Commentary

Know-nothing journalism

 

 

Pink salmon in a hand-soldered can in the decades of white, watermelon, green, brown, or red lures.

 

Credibility dies in a field of little mistakes

This is why it is painful to read what passes for news today:

“Pink salmon get their nickname from their propensity to bite on anything pink.”

Or so reported Gregory Scruggs of The Seattle Times after visiting West Seattle’s Lincoln Park on Aug. 22 for a story on Life/Outdoors in the Emerald City.

Yes, and red salmon got their nickname for their propensity to bite on anything red and silvers on silver. And don’t forget those dog salmon.

Note to the unwary: Leave Fido at home if you decide to pursue the latter. They have a propensity to bite on dogs. This is the reason there are so many three-legged dogs in villages along the Yukon River.

All of this would be funny if, of course, it was funny.

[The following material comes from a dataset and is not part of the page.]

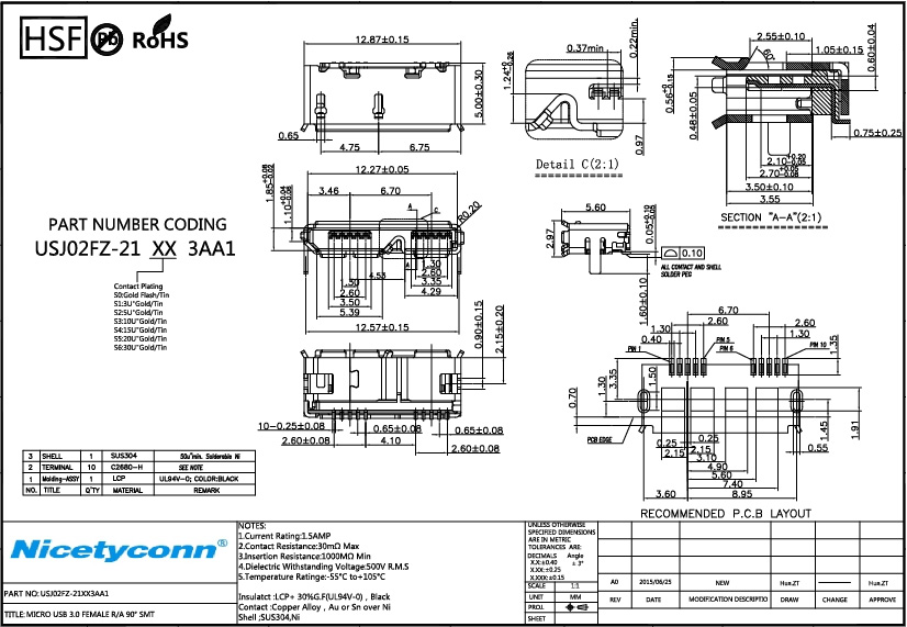 1. Micro USB 3.0 mm 90 Degree SMT Female Connector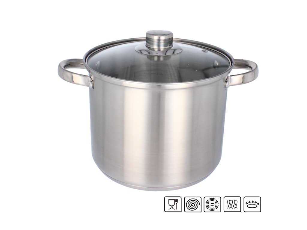 Hrnca z nehrdzavejúcej ocele S/S 201 o rozmeroch 28 × 20 cm a objeme 11 litrov. Vyrobený z vysoko kvalitnej ocele s hrúbkou 0,5 mm, zabezpečujúci trvanlivosť a odolnosť voči korózii. Vybavený viacvrstvovým indukčným dnom pre rýchle a rovnomerné ohrievanie. Obsahuje sklenenú pokrievku umožňujúcu kontrolu varenia, dve držadlá z nehrdzavejúcej ocele a vnútornú mierku na ľahké dávkovanie ingrediencií.

If some know-nothing reporter had written this, and if it had popped up online for 10 minutes or even an hour before someone in The Times’ newsroom screamed “WTF!” to see that such foolishness got fixed, but that hasn’t happened.

The story has now been online for more than a week with this illustration of ignorance. “Pink” isn’t even the “nickname” for the species Oncorhynchus gorbuscha. Pink salmon is the common name for the fish in this country with humpy or humpback, as the fish are often called in Alaska, closer to a nickname.

Not to mention the name “pink salmon” far predates the “Buzz Bomb,” an invention of the 1970s that appears to be what led Scruggs to assume pinks were named for the color of the fishing lures that catch them. To wit:

“While (Dave) McCoy and a small group of die-hards fly-fish for pinks, the most common technique on the crowded shores of Lincoln Park is to use a spinning rod and the British Columbia-designed Buzz Bomb pink lure. Pink salmon get their nickname from their propensity to bite on anything pink. WDFW also recommends a pink rotator lure or a Point Wilson-type jig.”

Except that isn’t exactly what the Washington Department of Fish and Wildlife says. It says this:

“…The color of choice is a hot pink lure, spoon, jig, or fly, as the color resembles the plankton or krill that are part of their main diet. White, purple, red, chartreuse and orange-colored presentations will also get the job done.”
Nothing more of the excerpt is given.